CAIRO
Egypt's security forces on Saturday stepped up measures around an eastern Cairo courthouse, where ousted president Mohamed Morsi and 130 others will stand trial on charges of a mass jailbreak during a 2011 uprising that ended the 30-year autocracy of longstanding president Hosni Mubarak.
Policemen can be seen everywhere around the Police Academy, where the trial is being held.
Barbed wires have also been set up around the trial venue with helicopters hovering overhead.
Twenty-two defendants have already arrived at the courthouse, while the ousted president has not yet.
Apart from Morsi, defendants in the case include Muslim Brotherhood Supreme Guide Mohamed Badie, his deputy Mahmoud Ezzat, former parliament speaker Saad al-Katatni and senior group members Mohamed al-Beltagi, Essam Erian and Saad al-Husseini, according to a statement issued by investigating judge Hassan Samir.

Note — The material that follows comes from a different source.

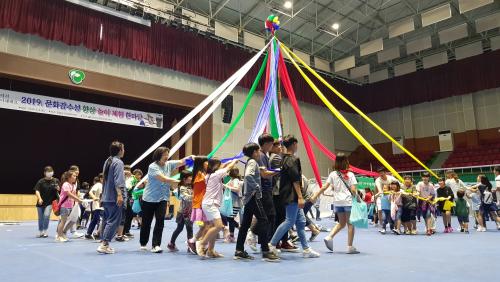 ÇÔÆò±³À°Áö¿øÃ» ±è°æÈ¯ ÀåÇлçÀÇ »çȸ·Î ÁøÇàµÈ ³îÀÌ Ã¼Çè ÇѸ¶´çÀº °³È¸½Ä ÈÄ ¹®È´Ù¾ç¼º ÀÌÇØ¸¦ ÁÖÁ¦·Î ÇÏ´Â »÷µå¾ÆÆ® °ø¿¬À» ½ÃÀÛÀ¸·Î ¿ì¸®³ª¶ó ÀüÅë³îÀÌ, ¼¼°è ¿©·¯ ³ª¶ó ³îÀÌ, ¼¼°è ÀüÅë ¾Ç±âüÇè, ¼¼°èÀÇ»óüÇè, ÅÒºí·¯ ¹× ÅÂÆò¼Ò ¸¸µé±â µî 30¿©°³ÀÇ ºÎ½º¿¡¼ ´Ù¾çÇÑ Ã¼ÇèȰµ¿ ÈÄ ¸ðµÎ°¡ Âü¿©ÇÏ¿© ¿À¹æ»ö ²öÀ» Çϳª·Î ¹´Â ¡®³ó½ÉÁÙ ¿«±â¡¯ Ȱµ¿À» ¸¶Áö¸·À¸·Î Çà»ç´Â ¸¶¹«¸® µÇ¾ú´Ù.

The list also includes members of Palestinian resistance group Hamas and Lebanon's Hezbollah, whose names have not been disclosed.
Also on the list is prominent Muslim scholar Sheikh Yusuf al-Qaradawi.
According to the statement, 800 foreign operatives had crossed the border into Egypt's Sinai via underground tunnels along the border with the Gaza Strip during the January 2011 revolution, which ousted longstanding president Hosni Mubarak.
The statement said the operatives had attacked police and government facilities in Sinai, leaving several policemen dead, before moving to Wadi Natrun and Abu Zaabal prisons in northern Cairo and broke into them.